Lange Gesichter bei der SPD, kein Cuba Libre bei der Linkspartei, und die AfD verzichtet sogar auf eine Wahlparty – aus gutem Grund. Die Grünen sind zerknirscht, und in der FDP-Bundeszentrale geschieht etwas Bemerkenswertes.

          So hat Martin Schulz, der neue SPD-Vorsitzende, sich seinen ersten Wahlabend im Willy-Brandt-Haus nicht vorgestellt. Er tritt mit ernstem Gesicht auf die Bühne, lächelt kurz, verzichtet aber ansonsten auf Schauspielerei. Seit seiner Nominierung Ende Januar war er überall, wo er auftrat, umjubelt worden. Am Sonntag fällt der Applaus recht kurz aus. Er habe, setzt Schulz an, bis zuletzt darauf gehofft, dass die SPD gleichauf, vielleicht sogar an der Spitze lande. Er redet nicht um den heißen Brei herum: Die CDU habe eindeutig gewonnen, die Amtsinhaberin, der er gratuliert, habe das Potential der CDU sichtlich mobilisiert. Schulz ist es wichtig, an einem Abend, der für ihn „ganz gewiss nicht schön ist“, wie er sagt, fair zu erscheinen.
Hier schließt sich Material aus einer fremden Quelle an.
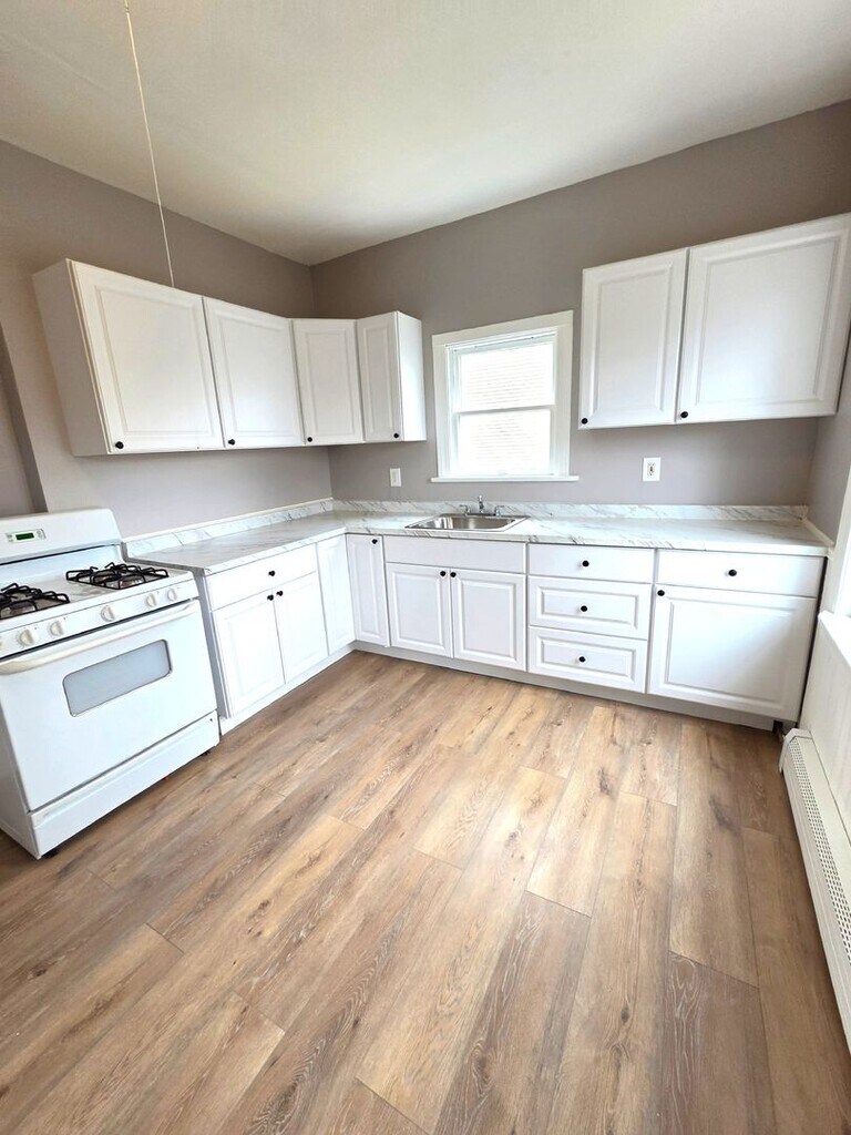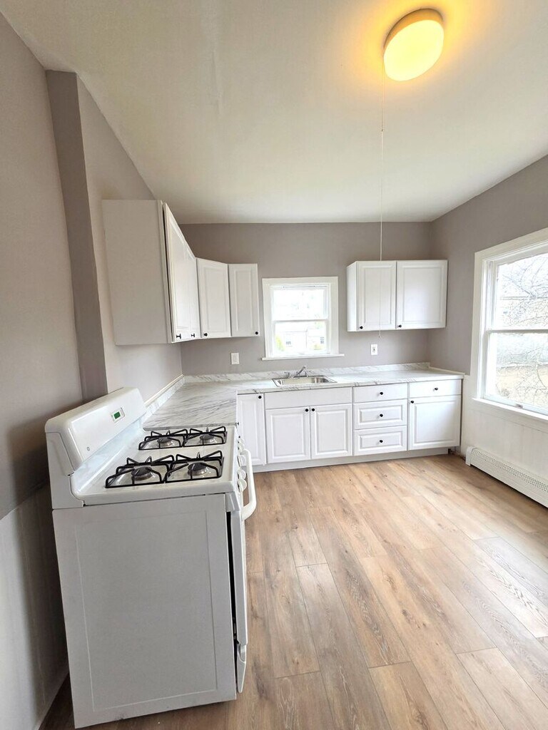 This split level unit has over 1,500 sq. feet of living space • Includes fresh paint and new flooring throughout • Large eat-in kitchen with gas cooking, and ceramic tile • Over-sized, bright and sunny double parlor with newer laminate flooring and full-length windows • All beds have hardwoods, and warm vinyl windows • Clean baths with new flooring and full tub • Comfortable steam heat • Tenant responsible for gas and electric • Owner takes care of water/sewer, snow removal and landscaping • No Pets • Two off street parking spots in driveway • Great Pawtucket location, seconds to 95, minutes to downtown Providence and only a ten minute drive to the South Attleboro Commuter Rail • Walking distance to bus line and laundromats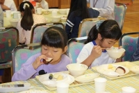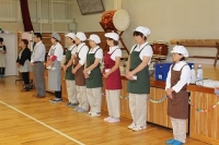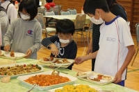 本日、子どもたちがとても楽しみにしていたバイキング給食がありました。子どもたちは赤・黄・緑の食品をバランスを考えながら選ぶことができました。給食を作ってくださる給食センターの方々や野菜を作っている農家の方々と一緒に食べました。たくさんの人々のおかげでおいしい給食を食べられることを実感し、感謝の気持ちを持つことができました。保健委員会のみなさんが中心となって進行したり、インタビューをしたりして楽しい時間を過ごせました。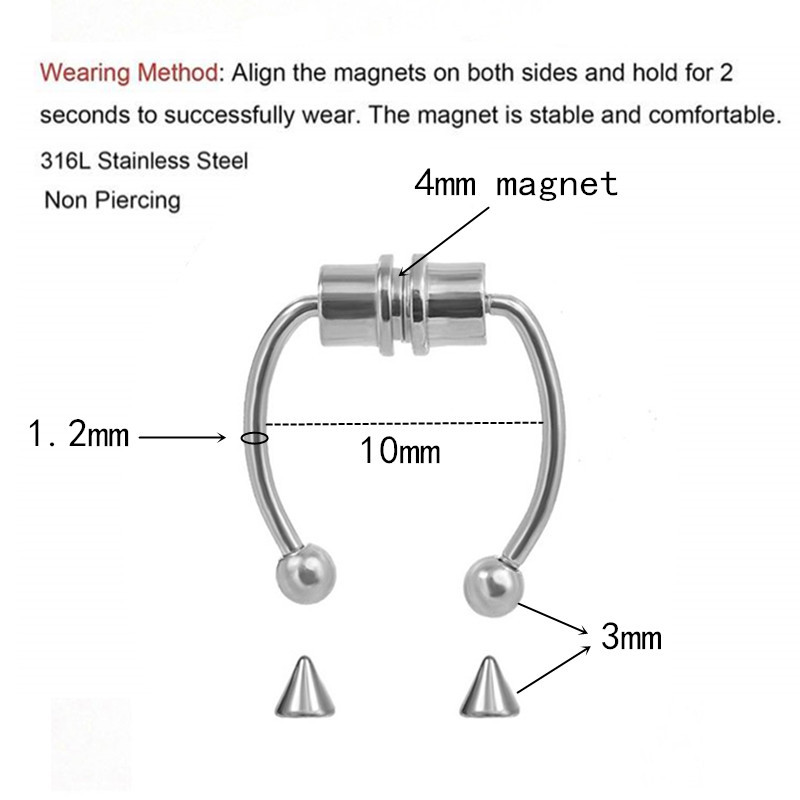 New stainless steel non-perforated nose decoration foreign trade nose ring reinforced magnetic fake nose ring titanium steel horseshoe shaped magnet nose ring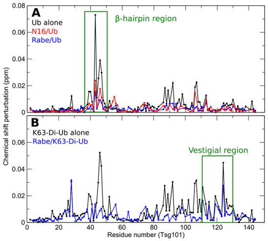 Prazoles block UEV binding of mono- but not di- Ub. Panel (A) Chemical shift perturbations of Tsg101 upon addition of ubiquitin, either alone (1:1 ratio–black), or when covalently precomplexed with tenatoprazole (N16, red) [23] or rabeprazole (blue). Panel (B) Chemical shift perturbations of Tsg101 upon addition of Lys63-linked di-Ub alone (black) or after first complexing with rabeprazole (blue).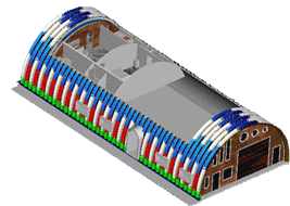 拱形屋頂以0.6-1.5毫米厚的專用彩涂卷板為原料,采用現(xiàn)場壓板、鎖邊、吊裝等工藝形成整體結(jié)構(gòu)。其設(shè)計(jì)簡潔且施工快速,有助于縮短工期并節(jié)約投資成本。此類屋頂結(jié)構(gòu)適合于糧食倉儲、工業(yè)廠房、物流市場及車輛庫房等多種場景。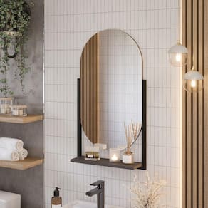 Formato oval com estrutura em metalon 1 prateleira MDF Espelheira com espelho de 3mm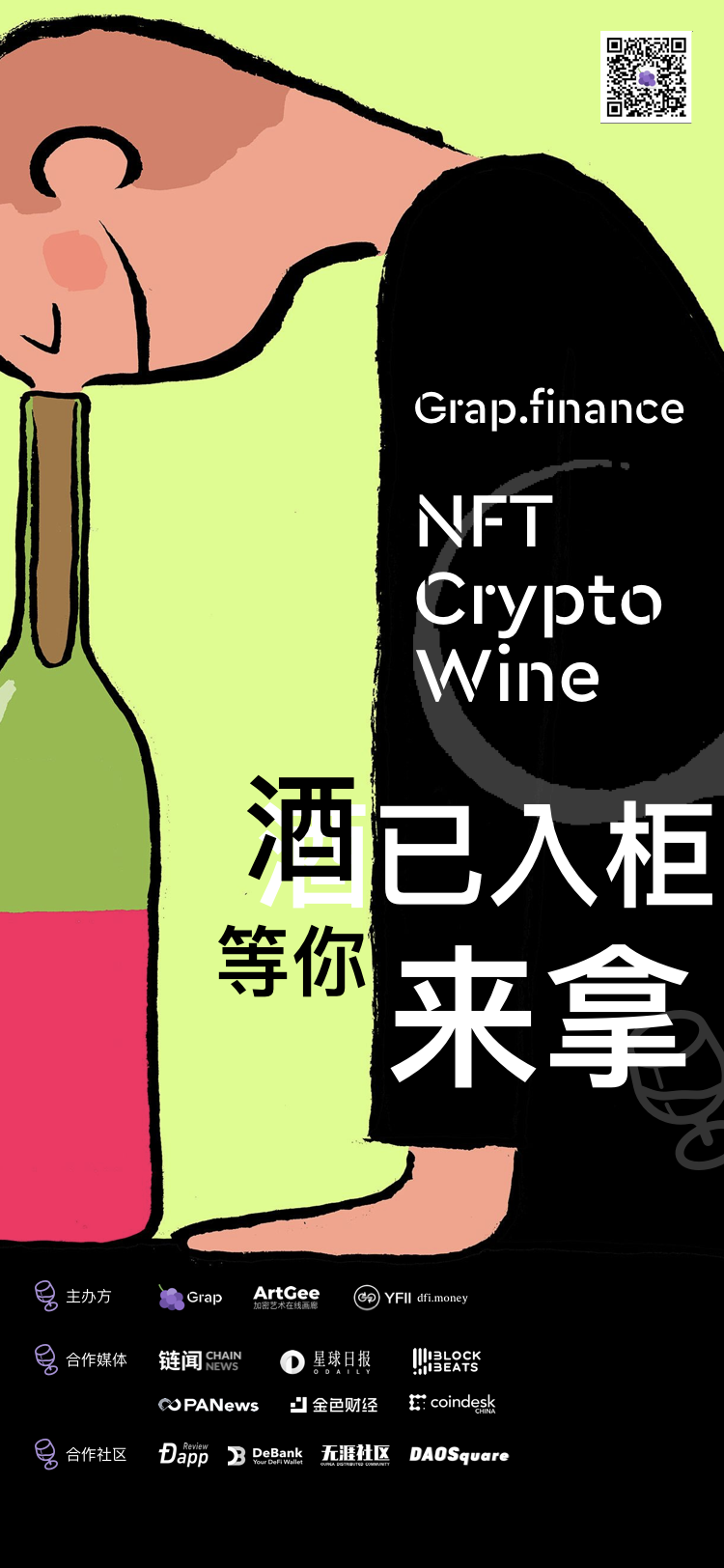Crypto Wine,一个全新的文化实验。脱胎于 GRAP(https://grap.finance/),把文化元素、Meme、区块链世界的印记酿成酒,现阶段可以通过质押流动性进行无损投资获得。每一枚CryptoWine 都符合ERC-721 标准,并且拥有艺术家的独特印记。所有艺术家在未来都能通过各种方式投稿,并且将自己的ID 和以太坊地址永久留存在NFT 上。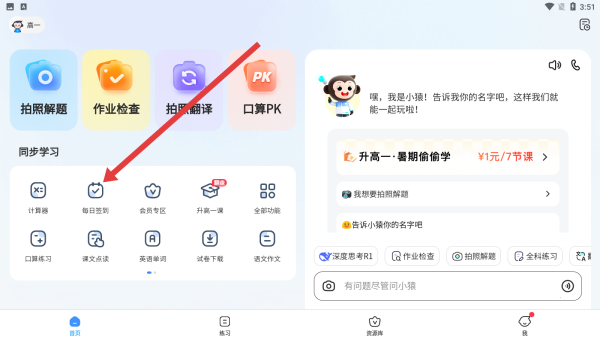 1、在APP首页同步学习板块,点击每日签到图标,进入签到页面,可参与签到活动,积累连续天数获取奖励,开启日常签到流程。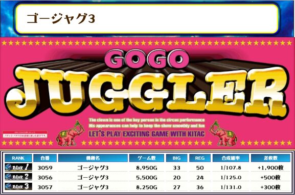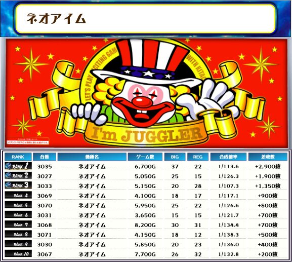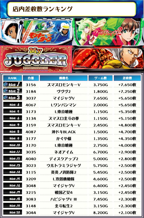 2位には【ヴヴヴ2・3184番台】の+7,250枚、3位には【マイジャグV・3037番台】の+5,650枚がランクインっ🏆🏆🏆🏆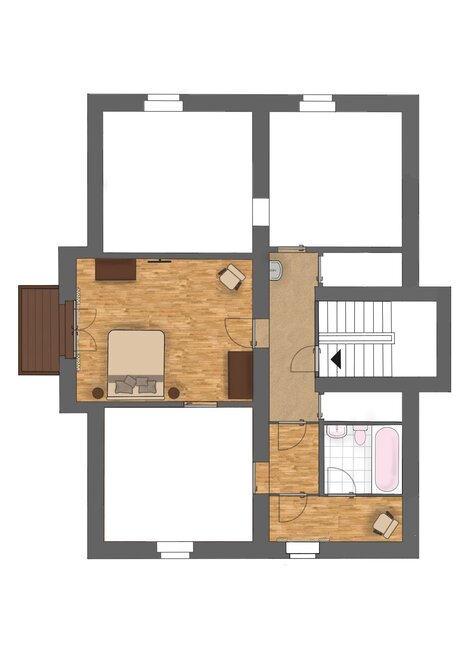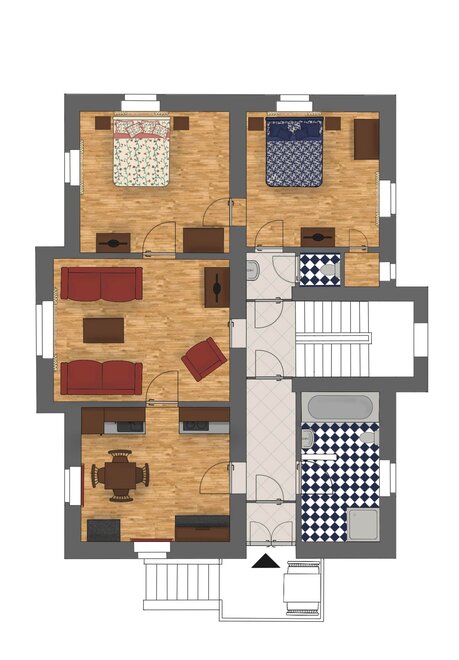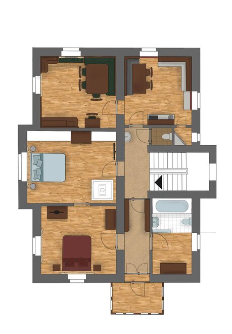 Prostorný apartmán Beletagese rozkládá na dvou patrech a 145 m² a nabízí místo pro až 6 osob. Tři ložnice, dvě koupelny s vanou, samostatné WC, plně vybavená kuchyň s troubou, elektrickým sporákem, myčkou, lednicí s malým mrazákem, mikrovlnnou troubou, toustovačem a kávovarem Nespresso a útulná místnost ze sibiřského cedru vytvářejí stylové prostředí s pocitem pohody.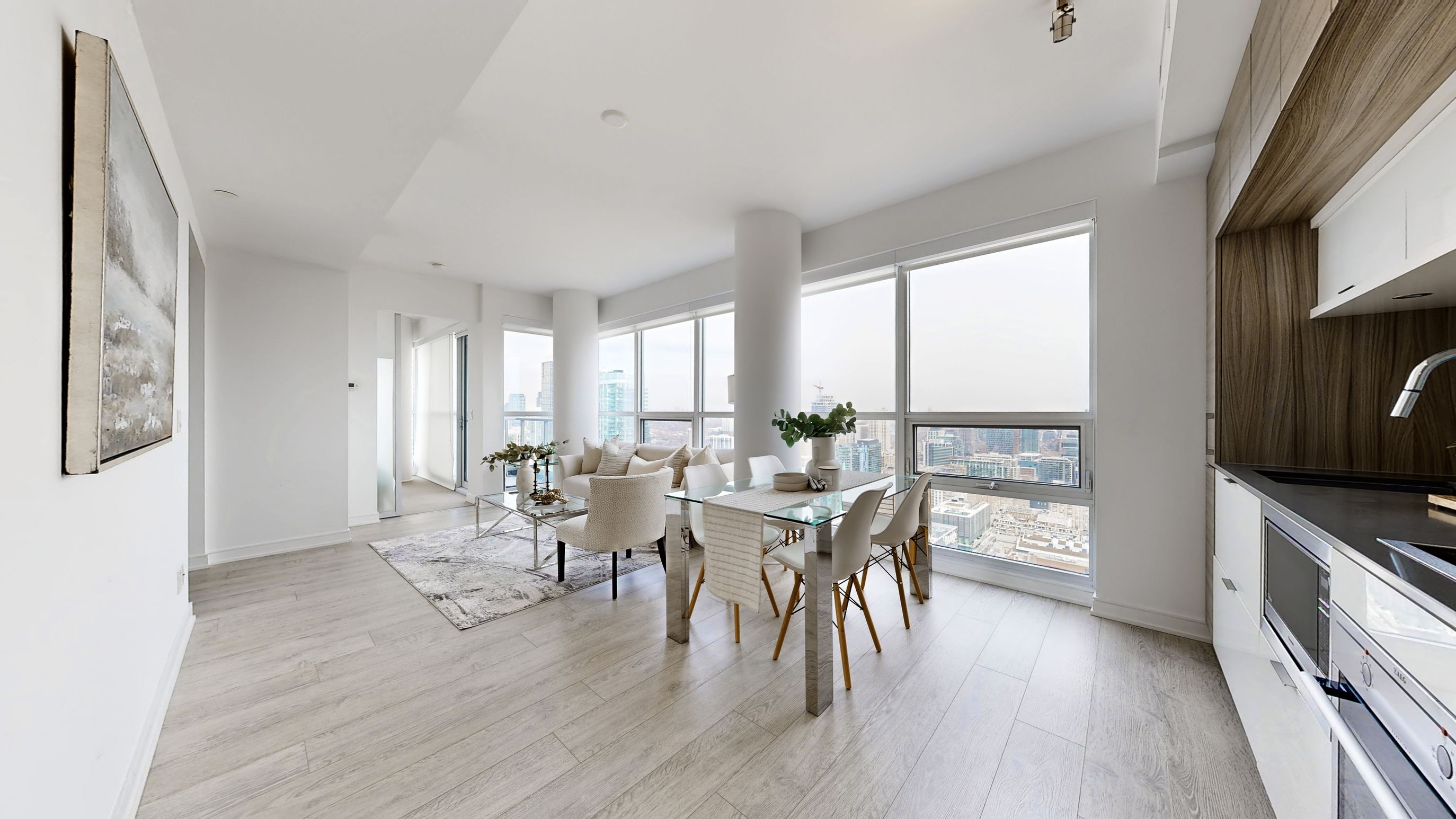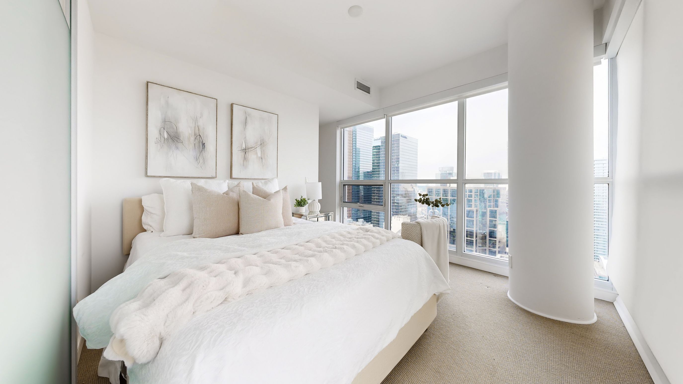 Experience elevated living at the prestigious 88 Scott - an iconic address in Toronto's coveted Yonge/King/Wellington corridor. Perched on the 37th floor, this sun-filled 2-bedroom, 2-bathroom corner suite showcases breathtaking unobstructed northeast city views with stunning lake vistas through expansive floor-to-ceiling windows. The bright open-concept layout is designed for both everyday comfort and upscale entertaining, featuring wide-plank flooring, a sophisticated neutral palette, and seamless flow between living, dining, and kitchen spaces. The sleek modern kitchen is beautifully appointed with integrated appliances, premium cabinetry, and clean, contemporary lines. The thoughtfully designed split-bedroom layout offers ideal privacy. The primary suite is a tranquil retreat with panoramic views, ample closet space, and a spa-inspired ensuite. A spacious second bedroom and a stylish second bathroom provide flexibility for guests, family, or a home office. Step out onto the balcony and take in sweeping skyline and lake views - an impressive extension of your living space. Unbeatable location just steps to King Subway Station, PATH, St. Lawrence Market, Berczy Park, Union Station, the Financial District, and Toronto's finest dining and waterfront amenities. Residents enjoy world-class amenities including a fully equipped fitness centre, indoor pool & sauna, party and theatre rooms, and the spectacular Sky Lounge on the 46th & 47th floors. 24-hour concierge service ensures convenience and security. Complete with 1 parking space and 1 locker, this turnkey residence offers refined downtown living at its finest.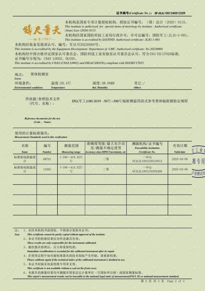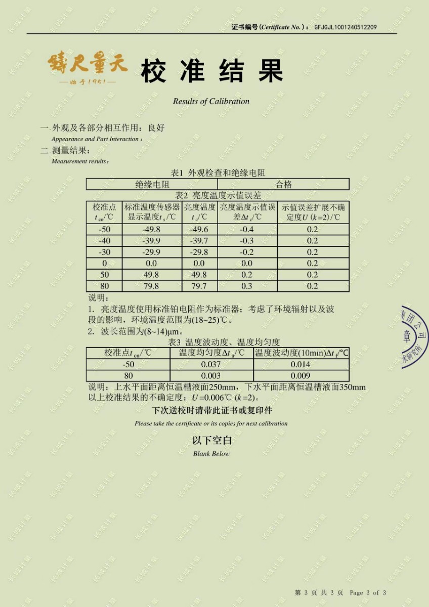 低溫浴式黑體輻射源校準(zhǔn)證書 2024-5-31 本文被閱讀 9125 次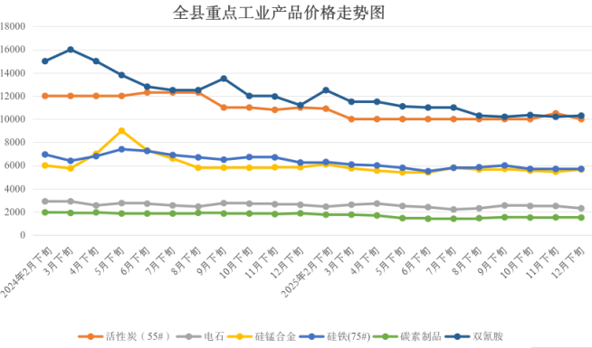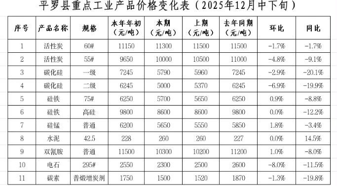 重点监测的11种工业品价格环比:3升2平6降,上涨的有:硅锰、双氰胺、硅铁(75#),分别上涨1.8%、0.98%、0.88%;高硅硅铁、水泥与上期持平;下降的有:电石、碳化硅(二级)、活性炭(55#)、碳化硅(一级)、活性炭(60#)、碳素,分别下降8%、6.89%、4.76%、2.85%、1.74%、1.32%;同比:1升10降,其中水泥上涨14.54%,其余全部下降,其中降幅较大的有:碳化硅(一级)、碳素、碳化硅(二级)、高硅硅铁、电石,分别下降:20.08%、19.79%、19.94%、12.24%、11.54%。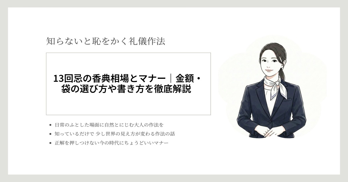 13回忌の香典は、金額の相場やマナー、香典袋の選び方・書き方、渡し方まで、細やかな配慮が求められます。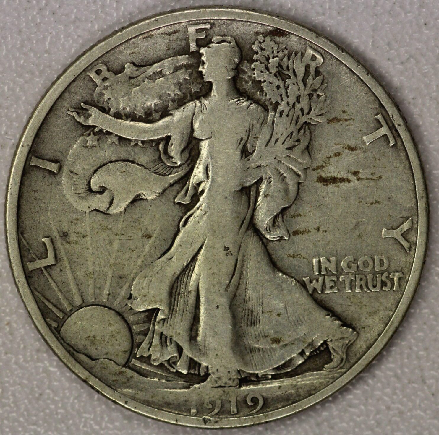AUCTION-Â Â 1919-D Walking liberty Half Dollar Circulalated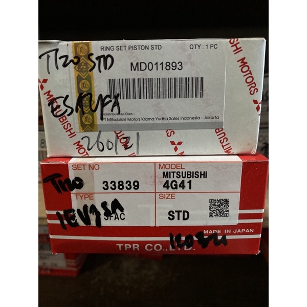 1 SET Per Seker / Per Seher / Cincin Torak / Piston Ring Colt T120 (4G41) Tahun 1970-1980 Merk TP Jepang Asli / ORI KTB
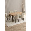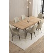 Mazaka Meşe Desen 80x132 Açılabilir Mdf Masa Yemek Odası Takımı, Mutfak Takımı 6 Adet Sandalye Krem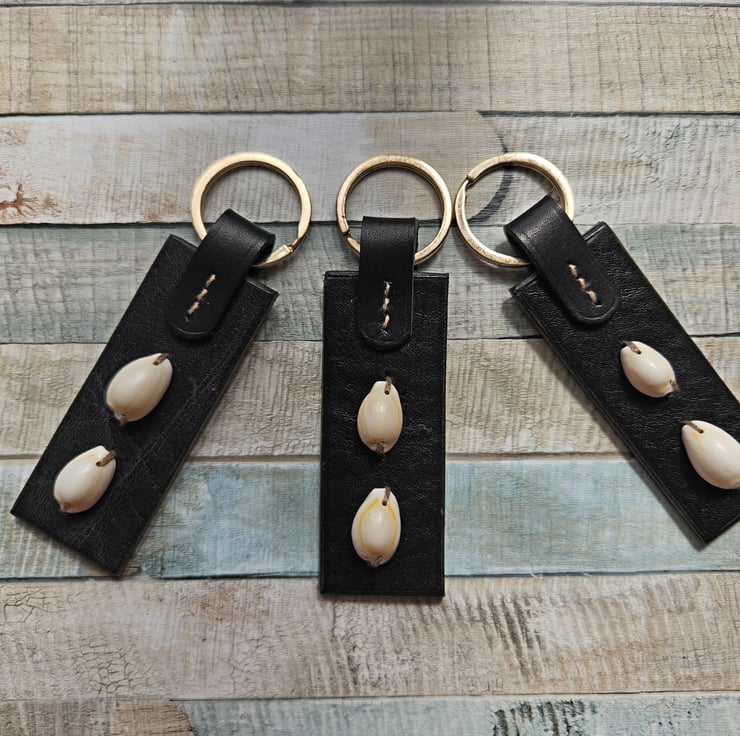 The Cowrie shells are natural except for the holes I had to drill for the stitching!

          Sodann beginnt die Schadensbegrenzung: Schulz verweist darauf, wo die Saar-SPD noch Ende Januar in den Umfragen gestanden habe, nämlich vier, fünf Prozentpunkte weiter unten. Soll heißen: Möge keiner den „Schulz-Effekt“ totsagen. Sodann konzentriert der Parteivorsitzende sich auf das wenige Positive des Abends: Die Wahlbeteiligung sei gestiegen. Die AfD, die er als „Feinde der Demokratie“ bezeichnet, sei dezimiert. Die Volksparteien hätten mobilisieren können. Mit Blick auf die Bundestagswahl fügt er hinzu: Die kommenden sechs Monate seien ein Langstreckenlauf, kein Sprint. Auf dem Weg dahin gebe es – in Kiel und Düsseldorf – noch zwei Wahlen, in denen die SPD von einem Amtsbonus profitieren könne.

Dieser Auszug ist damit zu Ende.